Incidents/20150519-Mailman

From Wikitech
Jump to navigation Jump to search

2015-05-19 Mailman outage

Summary

The mailing lists underwent maintainance on 2015-05-19 @ 17:00 UTC. The window was expected to last until 19:00 UTC. Due to unexpected issues, the mailing list server was offline and experiencing errors until roughly 21:00. This outage was contributed towards by a mailman configuration patch (merged month+ ago) causing an unexpected issue at time of mailman service restart. Tracking down and fixing this issue was a team effort with Rob, JohnFLewis (volunteer), & Daniel.

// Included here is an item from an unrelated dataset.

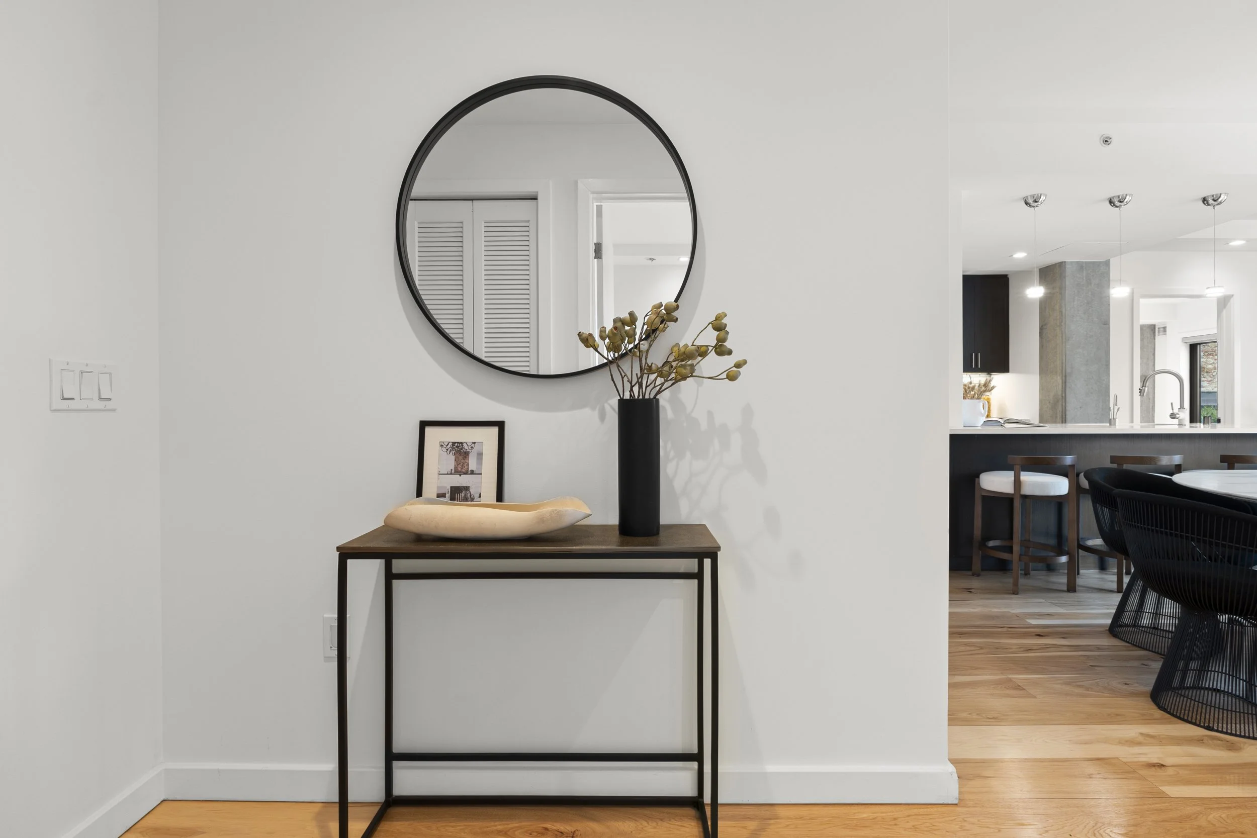 Modern entryway with round mirror, console table, decorative bowl, framed photo, and vase with branches.

The 'outage' was actually large scale moderation of all messages sent to lists, even by list members. All messages should be able to be sent onward by list moderators.

Timeline

  • 17:04 Mailman maintainance window started per T99098
  • ~18:00: Rob finishes first of two changes, notices some odd errors on mailman restart (should have looked closer.)
  • 19:00 Changes per T95195 & T99136 are completed. Testing of changes results in discovery of some/all mailing list messages being held for moderation (even when sender is member of list.)
  • 19:00-21:00: Troubleshooting of all steps taken during maintainance window. John discovers old patchset, and livehack testing determines solution. Patchset reverted and pushed live.

Conclusions

  • lack of central logging (only roots can troubleshoot logs for sodium); should mailman logs route to central logging?
  • configuration changes need to have mailman restarts at time of change
  • unrelated: someone hacked up the mbox file on wiki-research-l and then didnt rebuild the archives. Once we did so today, it resulted in renumbering, which would have been best caught at the time of the introduction of said renumbering.

Actionables

  • Ensure ALL configuration changes are tested and production service is restarted at time of configuration change.
  • DONE via [1]
  • This may be a good case for a mailman-admins group, similar to other service groups.